#### [Task to complete]
Line by line, output everything from the one that contains "자동 번역되었어요. 원문보기블랙" through the end of the material below, exactly as written and with no pictures.

#### [Material provided]
------------------------------------------------------------------------
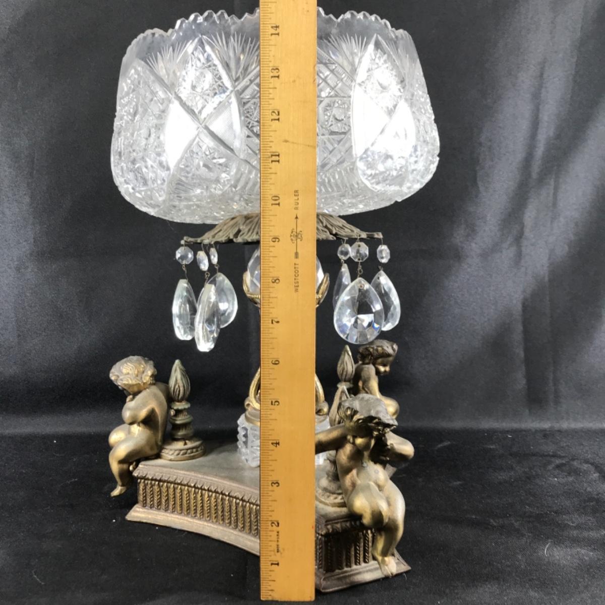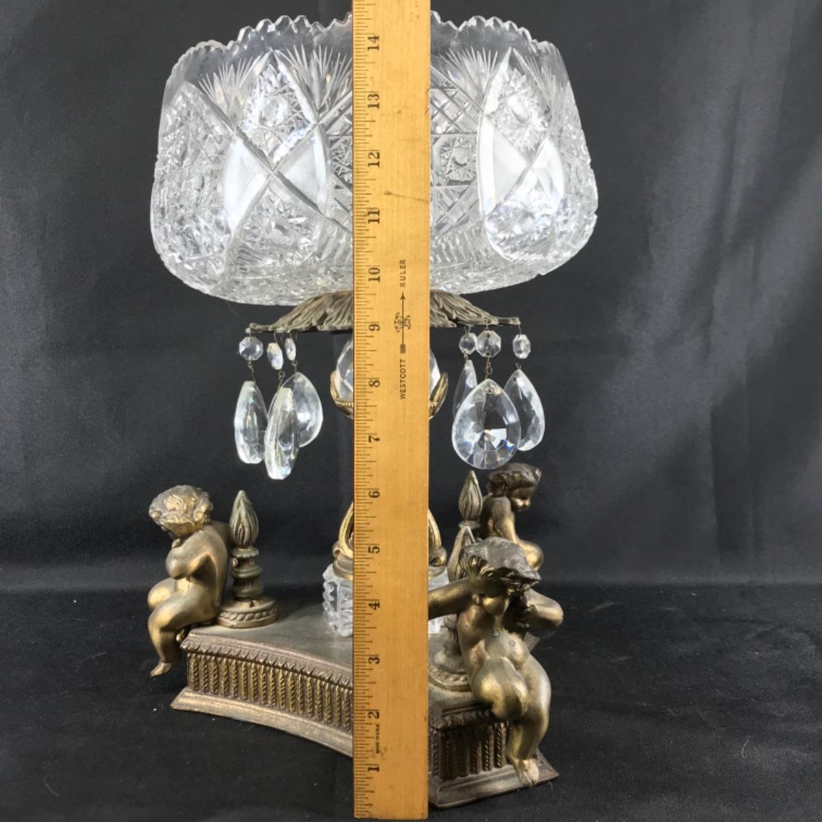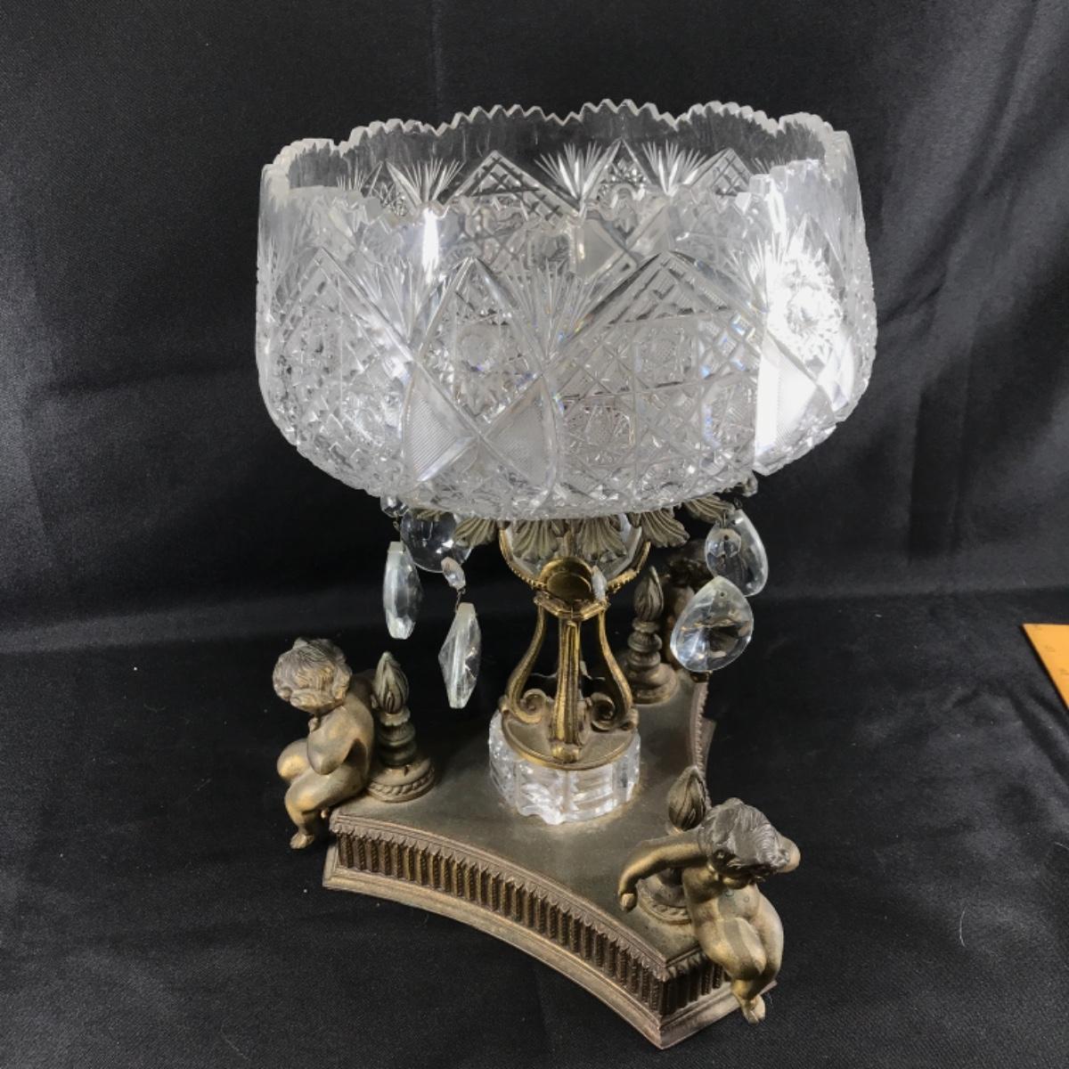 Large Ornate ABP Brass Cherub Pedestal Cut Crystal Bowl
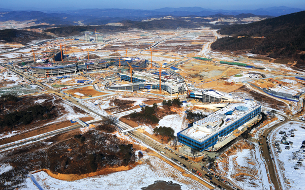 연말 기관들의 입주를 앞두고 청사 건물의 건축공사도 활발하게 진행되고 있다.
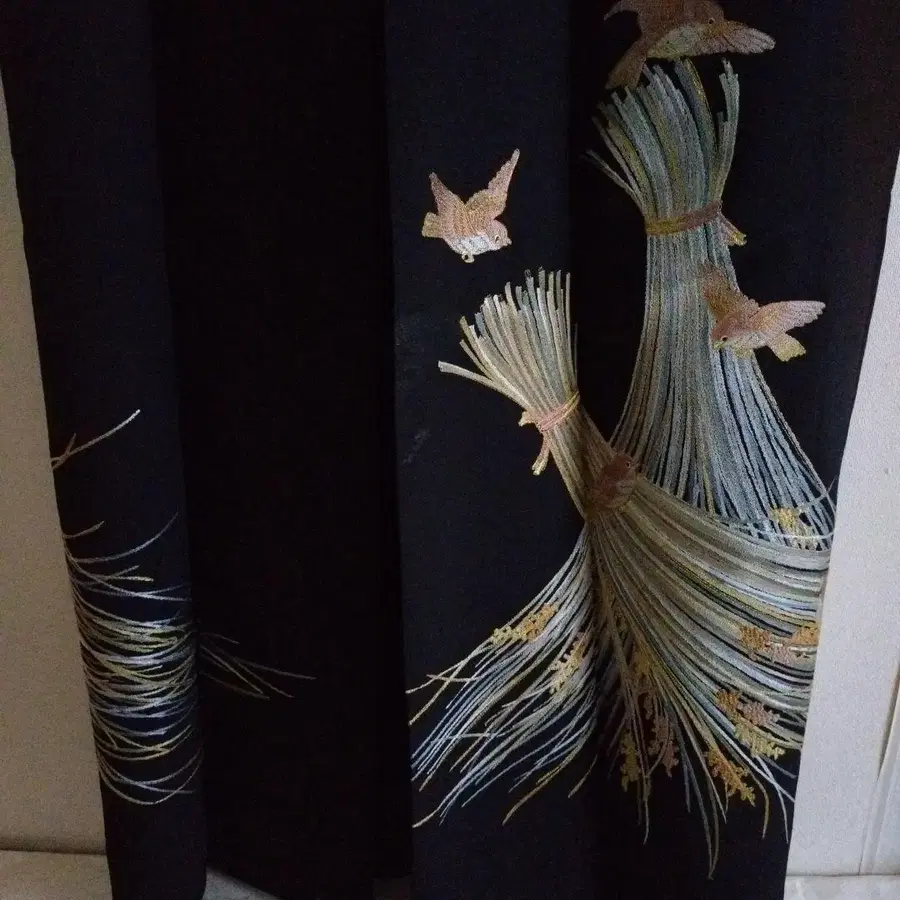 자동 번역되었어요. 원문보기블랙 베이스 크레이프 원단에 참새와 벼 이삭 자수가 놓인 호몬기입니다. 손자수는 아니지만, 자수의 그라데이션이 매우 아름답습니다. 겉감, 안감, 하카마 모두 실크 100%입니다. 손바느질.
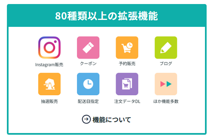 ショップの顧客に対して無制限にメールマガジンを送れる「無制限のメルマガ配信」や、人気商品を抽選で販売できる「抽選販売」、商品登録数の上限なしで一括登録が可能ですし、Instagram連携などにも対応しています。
------------------------------------------------------------------------
#### [Solution for this exercise]
 자동 번역되었어요. 원문보기블랙 베이스 크레이프 원단에 참새와 벼 이삭 자수가 놓인 호몬기입니다. 손자수는 아니지만, 자수의 그라데이션이 매우 아름답습니다. 겉감, 안감, 하카마 모두 실크 100%입니다. 손바느질.
 ショップの顧客に対して無制限にメールマガジンを送れる「無制限のメルマガ配信」や、人気商品を抽選で販売できる「抽選販売」、商品登録数の上限なしで一括登録が可能ですし、Instagram連携などにも対応しています。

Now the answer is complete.